Arpith Chacko Jacob - since 1982...

Archives for: August 2004, 01

  SIMD Smith-Waterman search for x86 - Beta release 1.0.0.2

August 01, 2004  

Technology: Intel MMX/SSE/SSE2
Algorithm: Diagonal, Horizontal
Precision: Byte, Word

Copyright (C) 2003 Arpith Chacko Jacob

Download sw-simd-x86-1.0.0.2.zip

This package includes a parallel version of the Smith Waterman algorithm using Multimedia Extension Instructions on Intel platforms. See [1] for complete details. Two approaches, diagonal [2] and horizontal [3] are used.

The source is written in C and Assembly, and may be compiled using the GNU C compiler and the GNU Assembler. Implementations for MMX (on Intel Pentium with MMX, Intel Pentium II), SSE (Intel Pentium III) and SSE2 (Intel Pentium 4) are available. A processor detect routine that should run on most Intel 486 machines and above selects the best possible implementation during runtime, according to the technology available on the processor.

Byte (maximum possible score 255) and word (maximum possible score 65535) precision implementations are available. The actual maximum score for each precision will vary according to the similarity matrix. Negative scores are eliminated from the SW comparison matrix by biasing the similarity matrix, hence increasing the precision (since one bit is no longer needed for the sign bit). The bias value is the most negative value in the similarity matrix and is added to each element in the matrix. Hence the maximum score for the byte and word precisions are 255 - BIAS and 65535 - BIAS respectively.

The horizontal MMX and SSE approaches perform better than the corresponding diagonal approaches for standard gap penalties, and hence should be prefered on Pentium III machines or lower. The diagonal SSE2 approach performs better than the horizontal SSE2 approach for standard gap penalties, and hence should be used on Pentium 4 machines or higher. The horizontal approach performs far better however, for extremely large gap penalties (of the order of 40 + 2k, see [1]).

Limitations:

  • Does not include a 3dnow implementation for AMD machines.

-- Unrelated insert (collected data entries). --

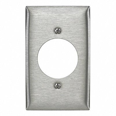 Single Receptacle Wall Plate Color Silver Material Stainless Steel Number of Gangs 1 Plate Size Standard Resistance Properties Chemical Resistant Circular Outlet Diameter 1.74 in Finish Smooth Number of Outlet Openings 1 Number of Switch Openings 0 Outlet Orientation Vertical Overall Height 0.1 in Standards UL Listed Wall Plate Type Single Circular Opening Features Protective Film Helps to Prevent Scratches and Damage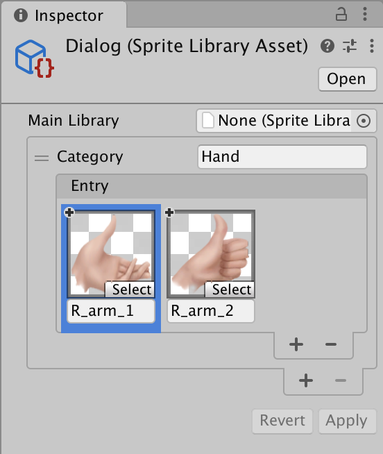 dialogGameObject, then assign thedialog.spriteLibAsset to its Sprite Library Asset property. - Add the Sprite Library component to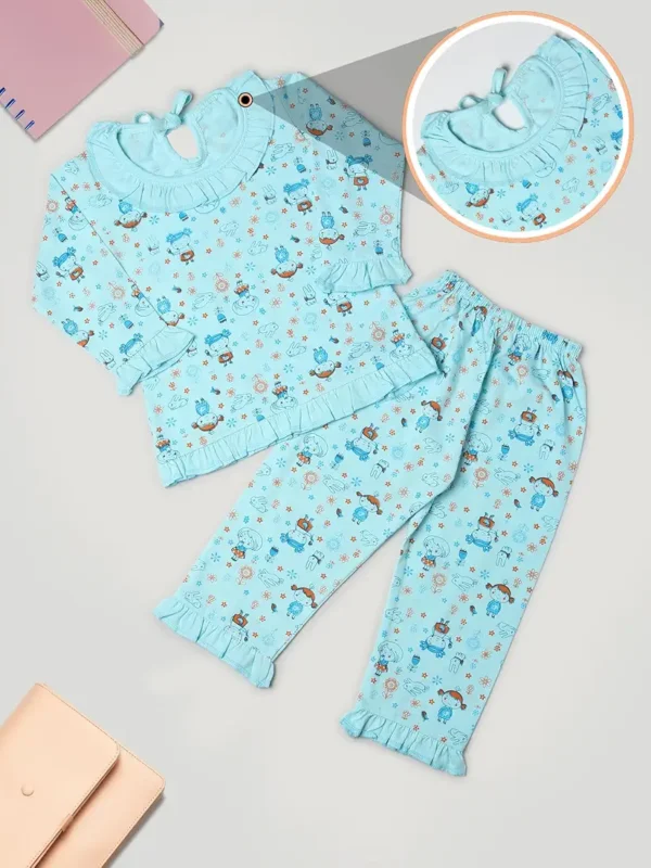 The beautiful blue color with cute prints adds a fun and stylish touch, making this night suit ideal for sleepwear, nightwear, and lounging at home. This cotton night suit combines softness, comfort, and charming style for girls.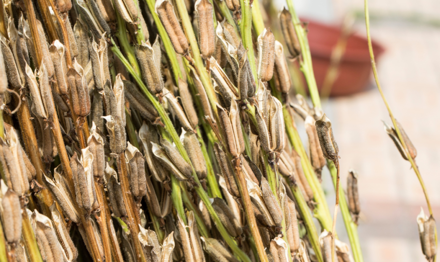 一顆顆飽滿的芝麻蒴掛滿枝頭。

However, SSE2 is supported on AMD processors.
  • The MMX implementations perform poorly due to the lack of appropriate instructions in the MMX instruction set.
  • The MMX and SSE implementations on Intel workstations use MMX registers which are aliased with the FPU registers of the floating point unit. Hence floating point operations and MMX/SSE instructions cannot be mixed together without saving state information. The 'emms' instruction is used for this purpose, but can incur a large time penalty for its execution.
    In this package floating point instructions are used for benchmarking in DEBUG mode, (with flag -DDEBUG in Makefile) and hence the emms instruction is included only in DEBUG mode, and not in the normal compilation mode. 'emms' is not required for the SSE2 implementations.
  • Elements in the similarity matrix are limited to signed char.
  • The gap open and gap extend penalties are limited to unsigned char.

To compile:

make

        
To execute:

sw_simd_x86 h|d mmx|sse|sse2|auto b|w|bw a|n database query sim_matrix gap_init gap_ext

h           Horizontal approach
d           Diagonal approach
mmx         MMX Technology
sse         SSE Technology
sse2        SSE2 Technology
auto        Automatically detect best technology available
b           Byte precision for scores
w           Word precision for scores
bw          Byte and Word precision for scores
a           Protein search
n           DNA search
database    FASTA database file containing multiple
            sequences in FASTA format
query       FASTA query file containing a single
            sequence in FASTA format
sim_matrix  Similarity matrix
gap_init    Gap initialization penalty (positive integer)
gap_ext     Gap extension penalty (positive integer)

Sample:

./sw_simd_x86 h auto b a db_aa.fasta query_aa.fasta blosum50.mat 12 2
./sw_simd_x86 d sse2 b n db.fasta query.fasta pam47.mat 10 5

References:

[1] Arpith Chacko Jacob, "Whole Genome Comparison using Commodity
Workstations," B.E. thesis, 2003.

[2] Andrzej Wozniak, "Using video­oriented instructions to speed up sequence comparison," Computer Applications in the Biosciences, 13(2):145-150, 1997.

[3] Torbjorn Rognes and Erling Seeberg, "Six-fold speed-up of Smith-Waterman sequence database searches using parallel processing on common
microprocessors," Bioinformatics, 16(8):669-706, 2000.